── Provided material ──

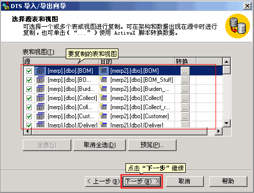 | 6. 選擇要復(fù)制的表和視圖,點(diǎn)“下一步”繼續(xù) | |
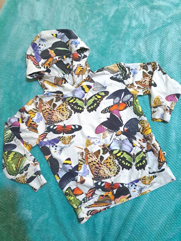 Гарна кофта з кишенею та капюшоном, з принтом метелики, стан ідеальний.
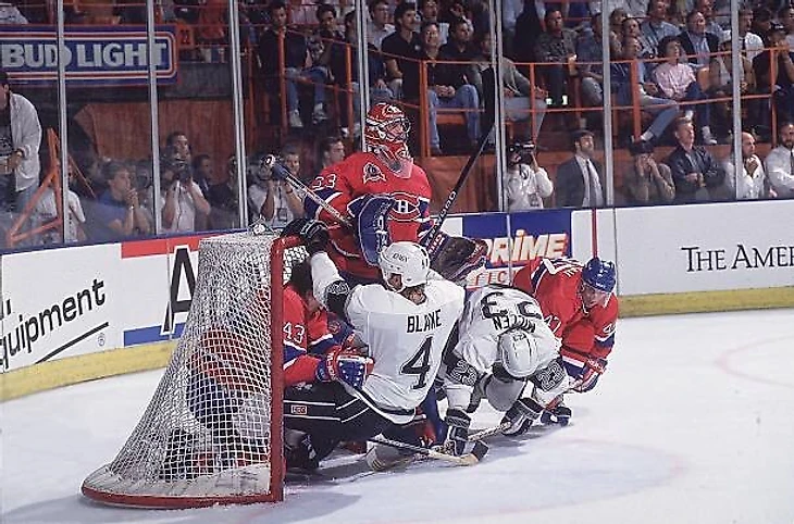 В финале противостояли Монреалю Лос-Анджелес Кингз, во главе с Великим и ужасным Уэйном Гретцки. Судя по фото, уже можно представить, какой напряженной и жесткой была финальная серия, 3 матча из 5-ти доходили до овертайма.
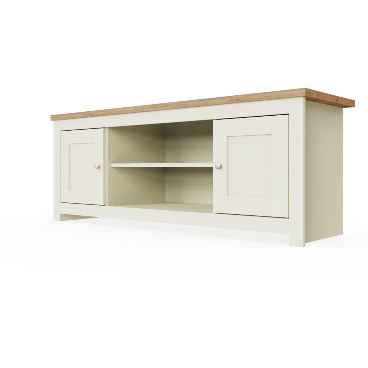 I really like this TV unit for its clean, classic design and versatile colour. It works well in both traditional and contemporary interiors, especially those embracing a light, airy aesthetic. Its neutral cream finish adds warmth without overpowering the space, and the wooden top adds a touch of rustic charm. Practical styling tips include using the open shelf for media devices or decorative books, while the closed doors can conceal clutter, keeping the look tidy. Pair it with cosy textiles and natural materials for a relaxed vibe, or add metallic accents for a more modern edge. Overall, this piece is a stylish yet functional addition that can adapt to a variety of living room styles.

───

- _Requirement_
What you return must match the lines from the top of the data through the line with "В финале противостояли" exactly, with the pictures removed.

- _Your solution_
 | 6. 選擇要復(fù)制的表和視圖,點(diǎn)“下一步”繼續(xù) | |
 Гарна кофта з кишенею та капюшоном, з принтом метелики, стан ідеальний.
 В финале противостояли Монреалю Лос-Анджелес Кингз, во главе с Великим и ужасным Уэйном Гретцки. Судя по фото, уже можно представить, какой напряженной и жесткой была финальная серия, 3 матча из 5-ти доходили до овертайма.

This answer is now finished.